Gase’s head coaching debut wasn’t perfect. He had some questionable play calls here and there, and he decided to go for it on fourth down when he could have taken three points instead. Yet, I liked the aggressiveness of that call against a team as talented as Seattle.
When it comes down to it, Gase and Joseph put their team in a prime position for an upset. They had a solid game plan set up and managed to prevent major mistakes on both sides of the ball until the very end of the game. Miami may have lost, but Gase and his staff had their troops prepared for a battle against one of the league’s best.
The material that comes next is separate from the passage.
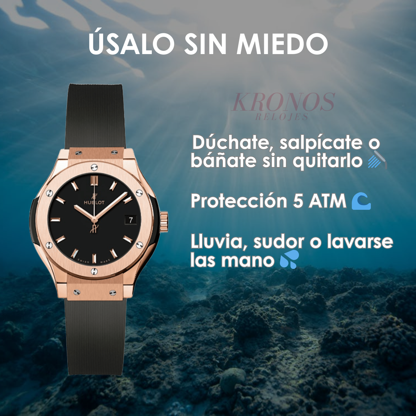 Classic Fusion King Gold – Black Dial Rubber Strap Hublot Type

Boy does it hurt to see a C+ in this section. Had they pulled out the win, it obviously would have been higher. Seattle gave Miami plenty of opportunities to take control of this game, and they simply failed to do it. Tannehill and the defensive line did all they could but the rest of the team was shaky. When playing a team with a quarterback and defense of Seattle’s caliber, you simply have to be better. While last year’s Miami games were plagued by mental errors and poor coaching, this one just came down to subpar poor execution.